Mayor Kevin Foy, who cast the final vote to end the program, spoke harshly about what he sees as the system’s flaws. “This system creates perverse incentives,” Foy said, pointing out that a red light camera violation amounts to a civil offense and a $50 fine, whereas a ticket for running a red light at any of the town’s other intersections is a criminal offense and costs nearly $120 in both the ticket and court costs. For every $50 ticket generated by the camera system, $48 goes to the multi-billion dollar Dallas-based company ACS; $2 goes to the town.
For weeks prior to the vote, lobbyists from the red light camera industry had pressured council members not to eject the company and terminate the system, which has only been in operation for four months. Leslie Blakey of the National Campaign to Stop Red Light Running, an industry-funded Washington-based public relations firm, came to town with Joe Clark, chief operating officer of ACS’s “state and local solutions” division, bringing with them a woman named Ann Sweet, who regularly tells the story of her daughter’s death when she attends red-light camera information sessions across the country. All three spoke at the council meeting.
It wasn’t the $400,000 that the company had invested in the Chapel Hill system that brought such concerted effort from these lobbyists. It was the precedent that Chapel Hill has set, tossing out a system that ACS is trying to implement throughout the state of North Carolina.
“ACS’s motivation is profit, not safety,” council member Cam Hill said at the meeting. “The conflicts of interest obscure every possible benefit.”
Council member Edith Wiggins spoke passionately in defense of the system. “If you’re caught by the cameras, you know that you were not the victim of selective enforcement,” she said.
“Precisely when an issue becomes so emotional,” said council member Sally Greene, whose brother in law was killed in Charlotte 10 years ago by a red-light runner, “it’s the responsibility of those of us who are elected to serve your interests not to set aside or ignore the emotion but to filter it through facts and evidence.” Greene voted to terminate the camera program, citing a fundamental “tension between economics and safety” that made it a bad solution.

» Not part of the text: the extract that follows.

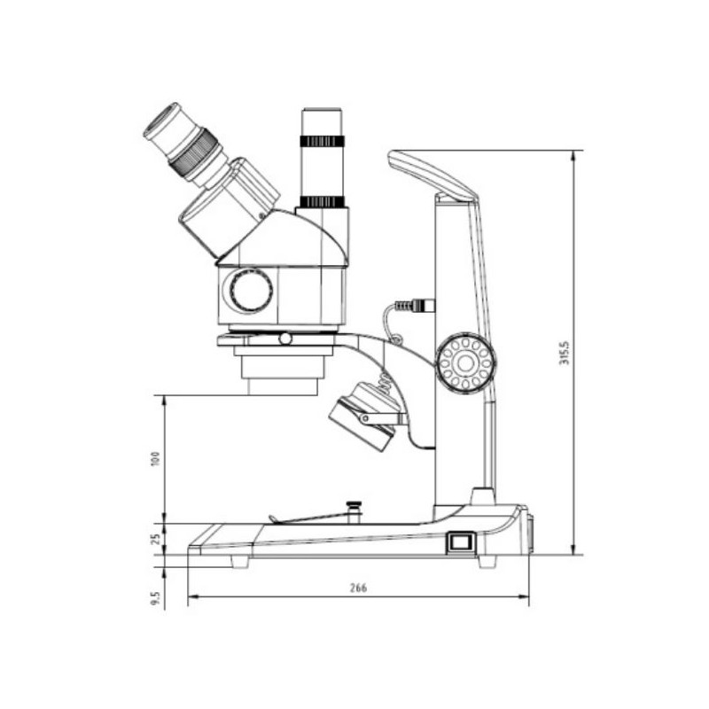 Estativo ergonómico con iluminaciones LED incidente y transmitida, intensidades luminosas regulables

So what now? The cameras could stay in place. Council member Dorothy Verkerk, the main proponent of the camera system, said she would like the town to consider administering the SafeLight program with a different company. But that doesn’t seem likely. Kleinschmidt proposed that the town traffic engineer undertake a detailed assessment of the town’s 97 intersections in order to determine which are the most dangerous and what sorts of engineering solutions could make those intersections safer for drivers, pedestrians and cyclists. In the rush to make a deal with ACS, he says, that assessment was never done.